On January 17, HHS released the Final Rule entitled: Modifications to the HIPAA Privacy, Security, Enforcement, and Breach Notification Rules under the Health Information Technology for Economic and Clinical Health Act and the Genetic Information Nondiscrimination Act; Other Modifications to the HIPAA Rules
It's 563 pages long and contains 7 themes:
Covered entities must ensure that they obtain satisfactory assurances required by the rules from their business associates, and business associates must do the same with regard to subcontractors, no matter how far 'down the chain' the information flow
Increases penalties to $1.5 million per year
Tightens limitations on the use of patient records for marketing
Prohibits the sale of patient information without a patient's consent.
Provides patients with a right to insist that a provider not share their patient-care records with their insurance company if that care is paid for by the patient out-of-pocket in full.
Requires entities with patient record breaches to assess the likelihood that the information could be accessed in determining whether they must notify individuals of the breach.
Adds patient-safety organizations, health information exchange organizations and e-prescribing gateways to a specific list of HIPAA business associates liable under the rule.
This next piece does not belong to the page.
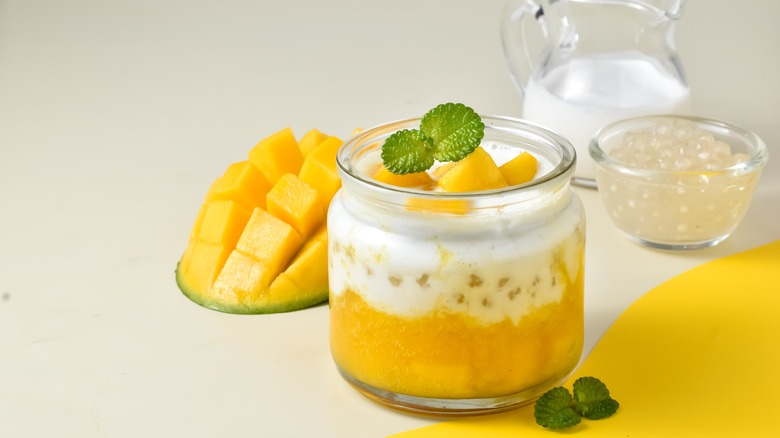 A surprising Southeast Asian go-to (given the rise and fall of tapioca pudding in the U.S.) is mango-coconut tapioca pudding. Again, tapioca and sago are different beasts, but they share similar gelatinous properties that work well in pudding, and the terms are used interchangeably. Mango sago originated in Hong Kong, but it's become so popular throughout Southeast Asia that it's now a firm part of the local culinary scene.

It also includes as business associates certain vendors of personal health records, those that provide a PHR to patients “on behalf of a covered entity,” but excludes other PHR providers, such as those working on behalf of consumers.
Much of the final rule is a restatement of requirements in ARRA/HITECH and GINA. Generally the recommendations are very reasonable. One challenging aspect of the final rule is the provision that provides patients with a right to insist that a provider not share their patient-care records with their insurance company if that care is paid for by the patient out-of-pocket in full. At present this will be technically challenging to implement. For example, if a patient pays for their outpatient treatment in cash and an e-prescription is generated, how do we flag the prescription to ensure it does not flow into a Pharmacy Benefit Management database? If an inpatient hospitalization is paid in cash, how do we prevent a nurse case manager working for a payer from seeing any data related to that care episode? Such data segmentation needs metadata around each data element so that data flows can be selectively restricted. A great goal but definitely a work in process for which no products nor standards exist.
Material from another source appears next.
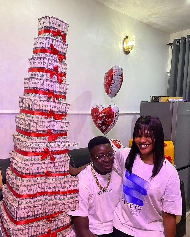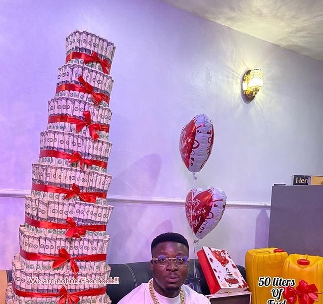 Lady gifts boyfriend $650 money cake, 50 liters fuel, and others for Valentine

In the workplan for FY13 that I presented at the January HIT Standards Committee meeting, I highlighted the need for our workgroups to study standards supporting data segmentation for privacy, so hopefully we'll close this gap in the next year and have products in the marketplace which support such controls by 2014.
I know that many groups are hard at work analyzing the new rule, so I look forward to their wisdom. The rule's 563 pages are rich with detail.
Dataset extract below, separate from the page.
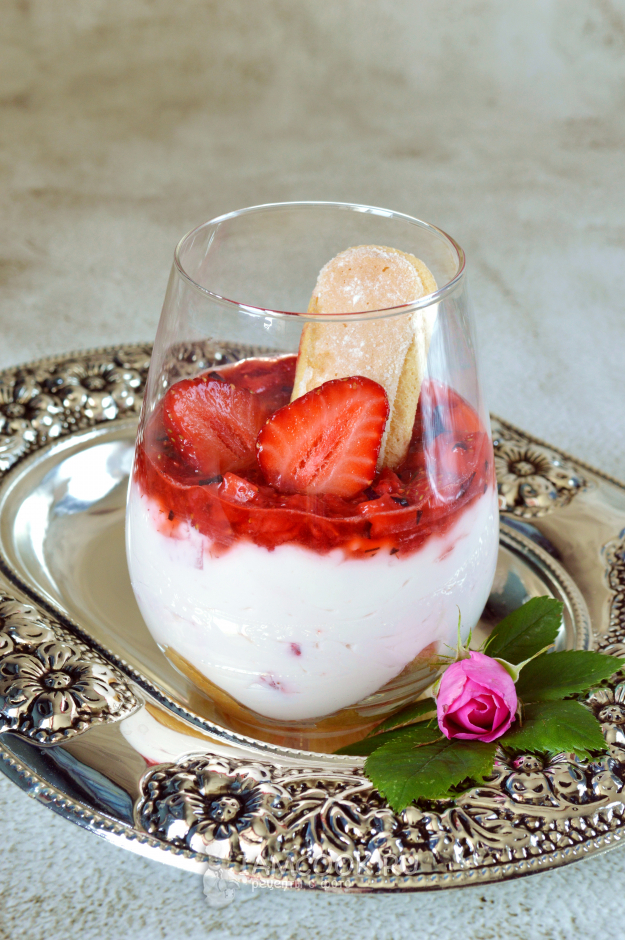 По желанию клубничный десерт в стаканах можно украсить печеньем, клубникой и листочками базилика.

On SELF-PAY. The challenges in hiding data *derived* from "self pay" are indeed challenging. The difficulties shown may be best understood as instances of more general problems: Provenance and Derivation. The solutions should be general, contributing to a variety of capabilities.
Obligations based on provenance require mechanisms to describe provenance, to attach the description, and to write predicates that reference the provenance. Provenance (e.g., self pay for privacy, institution covered by 42CFR restrictions) is just another kind of metadata that can be referenced in making decisions. Like most metadata, the provenance should be sticky as data is forwarded, so that when reforwarding occurs, policies applicable to that metadata tag will be applied. (That is, control over reforwarding is best handled by data properties, rather than including policy with the forwarded item).
As you point out, derived products introduce other complications. Technically, it seems desirable to treat derived data as additional objects, that need to be tagged with appropriate provenance. But now the mechanism for attaching tags sometimes needs to be granular, for example for individual items in a medication list, not just for whole documents. Such an attachment capability is easy in principle, but not easy with legacy software.
A tricky aspect is whether to let creators of a derived product decide if it retains the confidentiality level of the original. An encounter description reveals a great deal, while a count of number of encounters (also a derived product) reveals little, and there are many points along the spectrum.
For both issues, while the law may require such support only in specific cases today, we want eventually to support whatever is most appropriate for each patient. Rather than repeatedly extend special data structures like D4SP, generality will require general languages that support taxonomies and relationships, such as OWL.